What Will You Become in 2019?
Today, I wanted to write about a new word I recently learned that captures so much of what I have gone through this past year, and what I try to unearth and explore in this newsletter: poiesis.
Poiesis is an Ancient Greek term that can be defined as “the activity in which a person brings something into being that did not exist before.” Philosopher Martin Heidegger referred to poiesis as a ‘bringing-forth’ — “the blooming of the blossom, the coming-out of a butterfly from a cocoon, the plummeting of a waterfall when the snow begins to melt.”
How lovely are those images? That one ephemeral moment of transformation. The sacred pause between the before and the after.

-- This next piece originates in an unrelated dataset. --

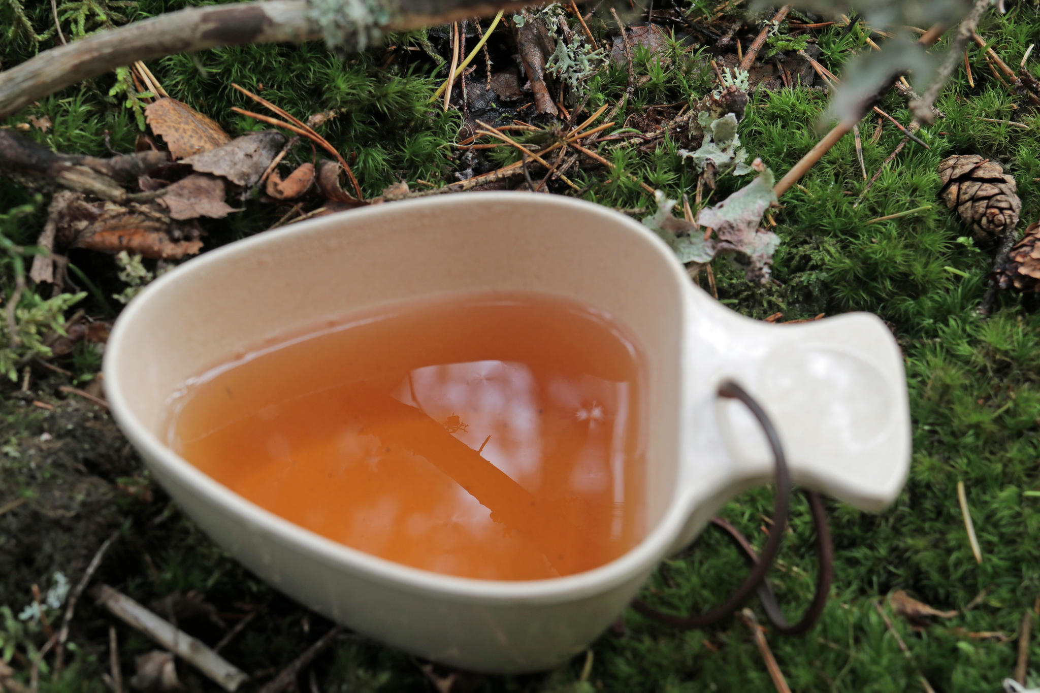 På rätt spår igen fortsatte leden ned mot Sävsjön, den tredje sjön. Tiden hade sprungit ifrån mig och magen kurrade. Kilometrarna hade inte blivit många, men så hade jag roat mig med både kamera och undersökningar av omgivningarna längs vägen. Någon miljagare är jag inte! På en sten med utsikt över ett halvt uppvuxet hygge, höljt i höstens alla färger, och med dagens första och enda regnskur smattrande mot regnkläderna, blev det lunchstopp. Egentorkad gryta med snabbris, skinka, curry och lite andra kryddor blandades med termosvatten. Tänk så gott det smakade. Några nyfikna talgoxar studsade tvittrande omkring i granarna över mitt huvud och tyckte det såg väldigt spännande ut det här.

In working to learn more about the word, I read about a book published in 2011, called All Things Shining, which also refers to and explores poiesis. The book is about rediscovering meaning in a secular age (aka EXTREMELY MY JAM), and according to a New York Times review, the authors “provide a compressed narrative of changes in Western understanding of human existence over the course of nearly three millenniums, and argue that reading great works of literature allows us to rediscover the reverence, gratitude and amazement that were available in Homeric times. These qualities, they believe, can be cultivated to provide a bulwark against the nihilism they rightly view as threatening our ability to lead meaningful lives in the 21st century. ‘The gods have not withdrawn or abandoned us,’ they conclude. ‘We have kicked them out.’”

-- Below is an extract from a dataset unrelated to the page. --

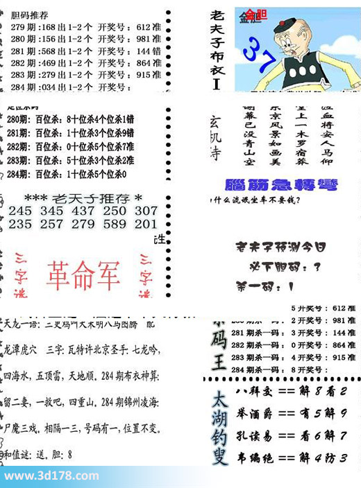 3d第2015284期老夫子布衣预测今日必下胆码图:3d之家第15284期老夫子布衣图库详解:284期:034 出1-2个 开奖号:284期:百位杀1 十位杀5 个位杀0老夫子精选推荐:245 345 437 250 307235 257 279 589 201老夫子预测今日必下胆3,杀一码1脑筋急转弯:为什么流氓坐车不要钱?该布衣图库由福彩3D之家3D图库频道原创,仅供彩民参考,温馨提供。

So what is one way to invite the “gods” — or, in my view, a sense of wonder and awe of living in a world that we know we cannot truly understand or ever fully grasp — back into our lives? The book’s authors offer up this, and allow me a bit of an excerpt:
Until about a hundred years ago, the cultivating and nurturing practices of poiesis organized a central way things mattered. The poietic style manifested itself, among other places, in the craftsman’s skills for bringing things out at their best… Learning a skill is learning to see the world differently. The skilled surgeon, for example, sees something more than a broken and bloody leg; he sees a particular kind of break, one that requires this precise surgical technique to fix it. Likewise, we hear people say that the successful running back has “great vision,” the point guard has extraordinary “court sense.” In each case this means that the person’s skill at surgery or running or passing allows them to see meaningful distinctions that others without their skill cannot. To get a fuller sense for this phenomenon, we need to think about something more wideranging than mere physical skills. We need to return to a time when craftsmen’s skills were central to the way people lived their lives…
…It is worth noting that although there is nothing mysterious about this vision of the master wheelwright — it is in no way magical or supernatural — nevertheless this phenomenon is already a revelation. For considered properly it is the clue to a whole new understanding of who we are. The wheelwright sees meaningful distinctions in the wood — distinctions of worth and of quality — that in no way find their source in him…
…The task of the craftsman is not to generate the meaning, but rather to cultivate in himself the skill for discerning the meanings that are already there.
So I ask you to make this your task for 2019: what is the craft you will bring into the world? What will be your poiesis? What meaning already exists in the world that you will be the one to discern?
Think of it both in terms of what work you may bring into the world and wonder at as you do; but also, what are you yourself in the process of becoming? For I truly believe in that in poiesis — “the activity in which a person brings something into being that did not exist before” — you can be molding and shaping and creating something within you, too that will help change the world, and bring you joy and meaning.
Happy new year. I can’t wait to see what you do with it.